Bielefeld also “Weltkulturhauptstadt des Pudding”. Endlich. David sah sein Lebenswerk vollendet. Nun würde man der Metropole unter der Sparrenburg die Krone aufsetzen können: Einen goldgelben Sahnepudding von Dr. Oetker. Als er sich endlich gefasst hatte, wählte er die 08/15-112. Die Geheimnummer des Baudezernten. “Sie werden es nicht glauben”, erzählte er zitternd der wie immer schlaftrunkenen Stimme des Herrn der Brachflächen. Wir sind soeben Welthauptsdat des Puddings geworden”. Stille am Ende der analogen Leitung aus dem Kriegswinter 1870/71. Dann ein Jauchzen aus vollem Herzen. “Ochottochottochott. Ich habe es immer gewußt. Nichtstun zahlt sich aus. Ich komme, Chef. Ich komme”. Bevor der noch fragen konnte, ob das immer so schnell geht, hörte er noch, wie der Hörer aus englischen Armeemebeständen sich senkte und ein letztes Scharren sein inneres Ohr sanft streichelte. Das mußte der berühmte Spaten sein, den sich der Dezernent angewöhnt hatte, wie ein “Eisernes Kreuz 1. K. ” über der rechten Schulter zu tragen. Symbol händisch geglätteter Brachflächen. Nun mußte er sich auf dem Weg zu ihm raus gemacht haben. Er, Oh B. einer einzigartigen Stadt, einer Metropole des Puddings. Der Metropole des Puddings.
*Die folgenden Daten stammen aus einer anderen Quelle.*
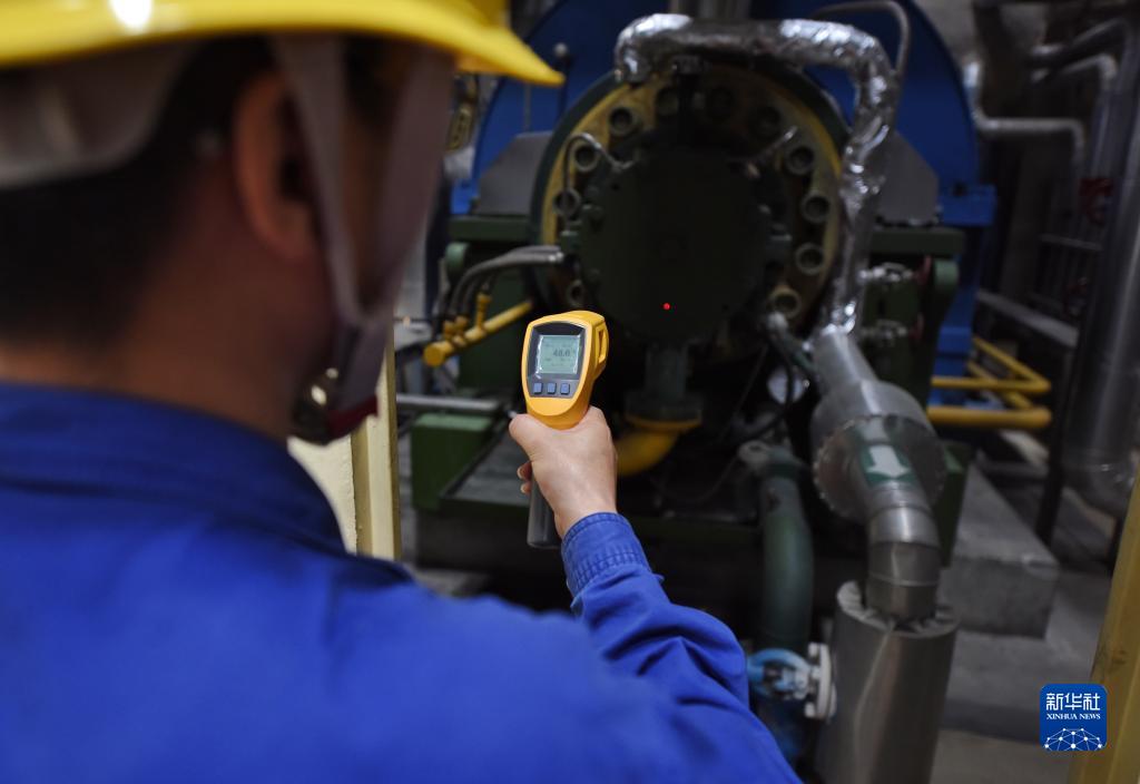 8月25日,國能成都金堂發(fā)電有限公司職工在生產(chǎn)廠(chǎng)區檢測設備運轉溫度。

Wie die Historiker heute in der Früh allerdings notierten, habe die Fahrt raus zum Oh B. über die Bozi-Straße einem einzigen Triumpfzug geglichen. Er, der Herrscher der Brachflächen, auf dem chromblitzenden Dürkopp-Damenfahrrad, Modell “33 war auch ein Ja” den Spaten, das Symbol, auf der rechten Schulter, rechts und links die begeisterten Bürger, die das Ganze natürlich schon im Internet als Sensationsmeldung gelesen hatten. Endlich hatte ihre Stadt eine Bedeutung bekommen. Eine einzigartige Bedeutung.
Gestern, ganz kurz nach der Bilanzpressekonferenz, heizten die Otti Doetkers ihre größten Kessel an. Ließen Sonderladungen Milch herankarren und ganze Brigaden hatten die güldenen Riesensonderlöffel “Edition August” schon in den Armen und rührten und rührten.
Heute um elf wollen sie oben von der Sparrenburg runter die kleine Weltmetropole mit dem zuschütten, was diese Stadt nun endlich berühmt hat: Pudding. Goldgelber Pudding. Der Große Kurfürst wird zugucken, ab und zu den rechten Zeigefinger an die Stirn führen und vor sich hinmurmeln: “Ich habs ja immer gewußt. Das ist alles, was die können”.
“Hi Bielefeld, allwege”. Schönen 1. April!